# Fridge Problem Thetford



## Des2

FRIDGE REFRIDGERATOR PROBLEM. Went to sleep all OK. In morning fridge is cold but light is flashing and spanner has come on. Same on all three supplies. Its a thetford. Any tips I am going back to France on Tuesday so need to get it sorted. Thanks in anticip!


----------



## bozzer

Hi

There should be a fault code next to the spanner. Do you have the book? If not we'll look it up for you. 

When we've had the spanner sign it's usually because we've stopped and not turned on the gas.

We turn the fridge off, 
Turn on the gas, 
Run the hob to get the gas through the system,
Turn the fridge back on.

Hope this helps

Jan


----------



## Des2

*Fault Code*

Thanks for that was not the gas.
Fault code is 18
Could you look it up for me.
Thanks
Des


----------



## Touchwood_RV

Des,

Default Thetford handbook suggests "Fault 18: No fault, only lighting all LCD segments on start-up. Action: Wait a few seconds for the fridge to start up normally."
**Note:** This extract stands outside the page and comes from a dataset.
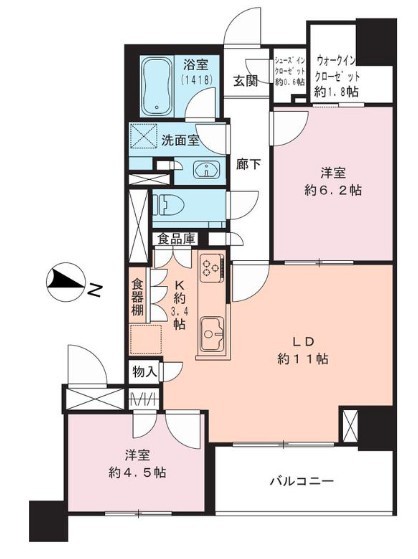 | 間取 | 2LDK (LDK11帖、K3.4帖、洋室6.2帖、洋室4.5帖) | ||
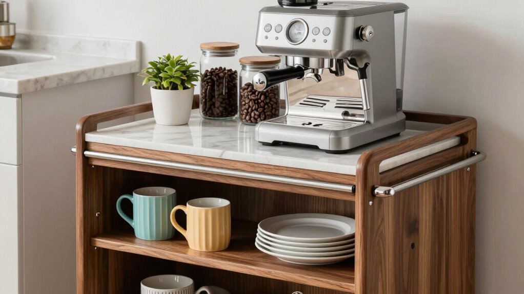 Choosing the right kitchen cart is like finding the perfect mug—it makes your coffee experience complete. With so many options, focus on size, storage, and style that match your space and needs. Think of your coffee station as a cozy corner where every detail matters. When you pick the right cart, it’ll serve as the heart of your mornings, turning simple sips into warm, comforting rituals you’ll cherish every day.

If it was mine I would turn it off, disconnect the 240volt mains (unplug) and 12volt (remove fuse), leave to settle and de-energise fully for a short while reconnect then try again, in effect reboot it! You can get a manual here http://www.thetford-europe.com/web/show/id=84695/langid=42 I hope that helps


----------



## Des2

*Thanks etc.*

Thanks, will follow your advice. Now I have to find the fuse.


----------



## Des2

*Sods Law*

Went to find fuse. Did not need to look. Without doing anything the fault code has gone and it running. many Thanks Des


----------



## Touchwood_RV

Sounds like it has recycled its self then, good news, keep an eye on it.


----------